What follows is a brief description of risks, complications and possible disqualification criteria for artificial disc replacement. It is by no means a comprehensive list. Please note:

1. this is for informational purposes only; use it to frame questions with your doctor(s) and future research;
2. it is focused on lumbar ADR, but many conditions may apply to cervical ADR;
3. the contraindications may vary considerably, based on a number of factors, including (partial list):
a) the device manufacturer’s FDA approval guidelines
b) the particular clinical trial’s design parameters
c) interpretive differences between doctors
d) domestic vs. international medical interpretations, laws, business (sales & mktg) practices
e) time between patient’s imaging studies; e.g. their change in physical condition
I’ll be iterating this post to improve it’s readability and comprehensiveness in the coming weeks. Given the questions and posts from the past months, I thought it would be smart to post this now.
__________________________________________________ ___________________

Surgery Risks and Complications: Lumbar ADR
Regarding possible complications from ADR surgery, there’s a lot to consider – so think about these possible surgical risks and talk to your doctor.

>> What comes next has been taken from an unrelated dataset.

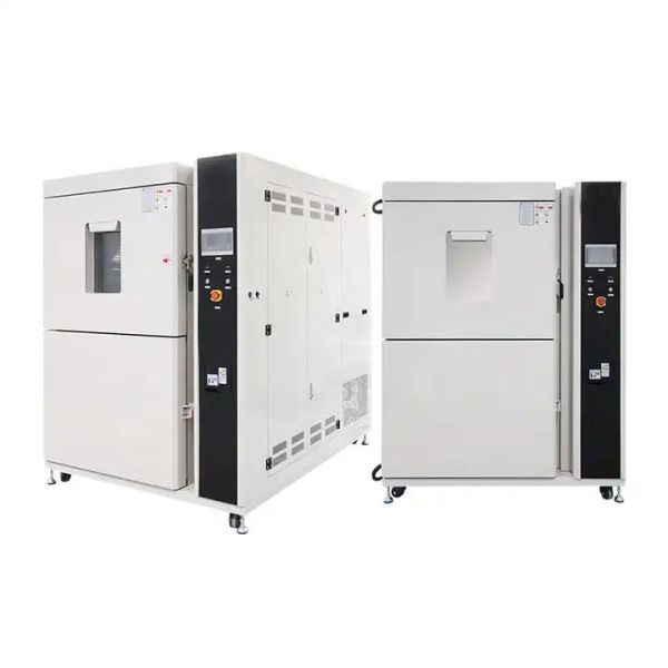Two Zone Thermal Shock Test Chamber is ideal for testing IC chips and small electronic products. The design consists of two independently controlled chambers. One room is hot, the other is cold. Products are quickly transferred between the hot and cold chambers, which will cause temperature shocks to the samples to help find product defects in electronic components and product assembly.Thermal stock chambers are used in all industries including Automotive, Electronics, Aerospace, and others to help find product defects in electronic components and product assemblies.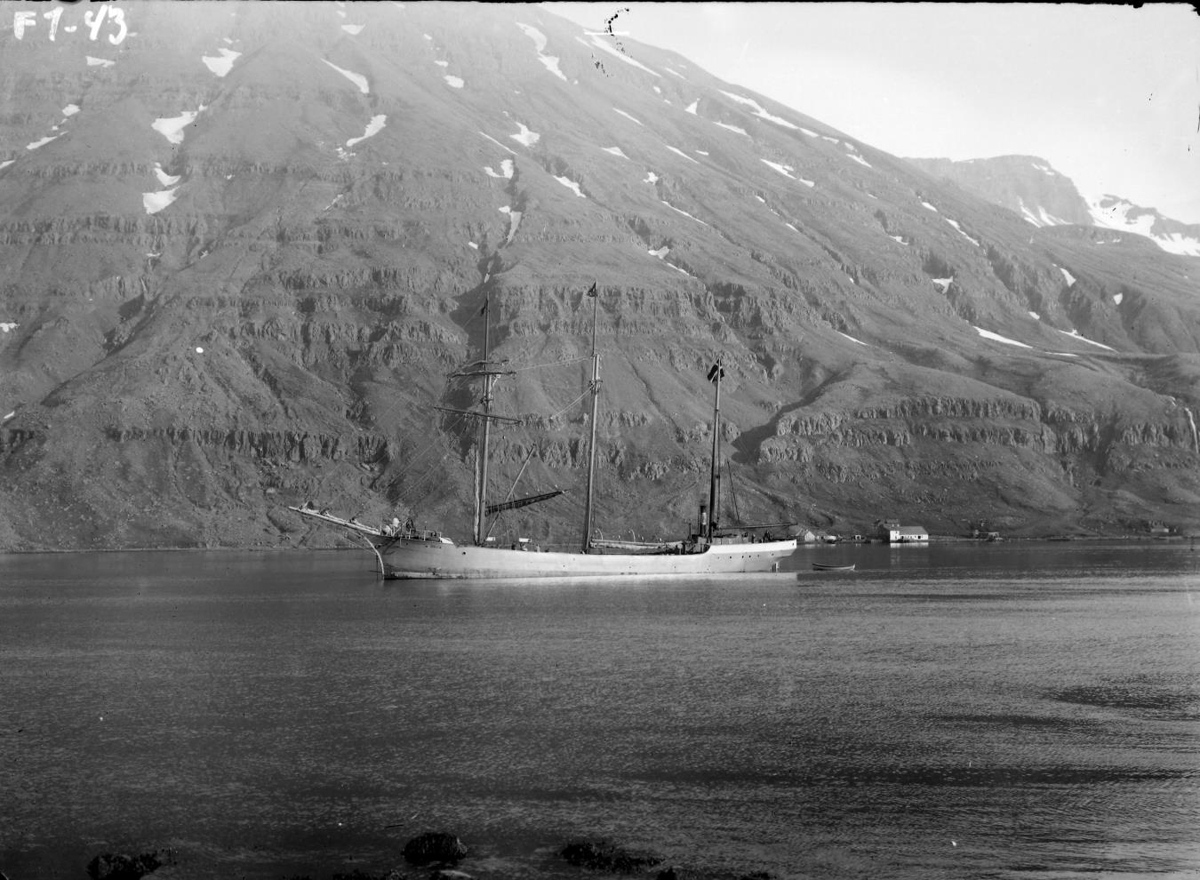 Þriggja mastra gufuskipið Maja á Seyðisfirði. Danskur fáni blaktir í aftasta mastri. Bakvið skútuna sjást hús.

Possible Complications May Include:
  • Unresolved or new pain
  • New, unexplained symptoms
  • Reactions to anesthesia
  • Paralysis
  • Death
Mechanical Problems May Include:
  • Incorrect placement of the device into the vertebral body
  • Implants breaking, loosening, or moving
  • Abnormal stresses on facets joints and adjacent structures
Immunological Problems May Include:
  • Allergic reaction to device wear debris
  • Wound, device, skin or systemic infections
  • Infection introduced by intubation
  • Progression of undiagnosed disease at other levels
  • Blood transfusion risks
Neurological Problems May Include:
  • Injury to nerves causing sexual dysfunction
  • Nerve damage to urologic structures
  • Scar tissue accumulation on nerves
Vascular Problems May Include:
  • Blood flow restrictions, hematoma or stroke
  • Excessive blood loss
  • Injury to major blood vessels
ADR Contraindications (Exclusion Criteria):
  • Back or leg pain of unknown origin;
  • Previous major spinal surgery at affected level;
  • Abnormal abdominal vessel or fascial pathology or morphology;
  • Degenerative spondylolisthesis with greater than 3 mm slippage;
  • Isthmic (spondylolytic) spondylolisthesis;
  • Spondylitis (i.e., inflammation of the spine);
  • Significant spinal, foraminal or lateral stenosis;
  • Extensive facet arthritis or degeneration of the facets;
  • Scoliosis of the lumbar spine with greater than 11° coronal deformity;
  • Localized, metabolic or systemic bone disease;
  • Localized or systemic osteoporosis
  • Active, systemic infection;
  • Active malignancy or history of metastatic malignancy;
  • Any immunological disease which might impair healing;
  • Use of any drug known to interfere with bone or soft tissue healing;
  • Known metal allergy;
  • Morbid obesity (BMI >40 or more than 100 pounds overweight);
  • Transitional vertebrae at level to be treated that has not clearly fused;
  • Pregnancy
_________________________


May 27, 2009 Update

The following information was derived from the original FDA studies based on the Charite’ clinical trial. It was excerpted by an insurance provider and is now over five years old. As this information may have changed or evolved, use it carefully to frame questions for your doctors.
___________________________________________

Indications for properly selected patients for ADR were provided by the FDA and include the following:

§ Skeletally mature individuals with degenerative disc disease at one level (either L4-L5 or L5-S1);
§ Degenerative disc disease is defined as discogenic back pain with degeneration of the disc confirmed by patient history and radiographic studies;
§ There should be no more than 3 mm of spondylolisthesis at the involved level;
§ The patient should have failed at least six months of conservative treatment prior to implantation of the artificial disc.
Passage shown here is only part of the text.